#### [Directions for this task]
Would you output the entries below only from the line containing "山東青島開發區大法弟子恭祝師父生日快樂!恭賀世界法輪大法日!" through the line containing "高级感工艺蕾丝桌旗美式茶几电视柜餐桌布欧式梳妆台桌旗鞋柜装饰", exactly as they stand and with both ends included?

#### [Information provided]
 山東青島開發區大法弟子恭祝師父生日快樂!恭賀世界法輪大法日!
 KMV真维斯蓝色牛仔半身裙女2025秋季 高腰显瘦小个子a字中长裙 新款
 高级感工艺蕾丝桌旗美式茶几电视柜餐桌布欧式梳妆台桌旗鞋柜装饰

--

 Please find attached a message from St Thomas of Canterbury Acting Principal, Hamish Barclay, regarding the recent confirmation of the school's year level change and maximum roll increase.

---

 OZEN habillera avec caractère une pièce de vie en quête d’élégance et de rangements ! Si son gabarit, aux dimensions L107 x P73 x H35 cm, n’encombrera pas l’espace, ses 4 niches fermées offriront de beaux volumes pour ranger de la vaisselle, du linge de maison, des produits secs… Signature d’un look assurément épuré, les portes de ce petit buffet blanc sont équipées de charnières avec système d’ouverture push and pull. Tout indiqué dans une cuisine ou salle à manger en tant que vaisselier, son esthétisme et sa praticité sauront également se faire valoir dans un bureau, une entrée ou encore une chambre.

#### [Written response]
 山東青島開發區大法弟子恭祝師父生日快樂!恭賀世界法輪大法日!
 KMV真维斯蓝色牛仔半身裙女2025秋季 高腰显瘦小个子a字中长裙 新款
 高级感工艺蕾丝桌旗美式茶几电视柜餐桌布欧式梳妆台桌旗鞋柜装饰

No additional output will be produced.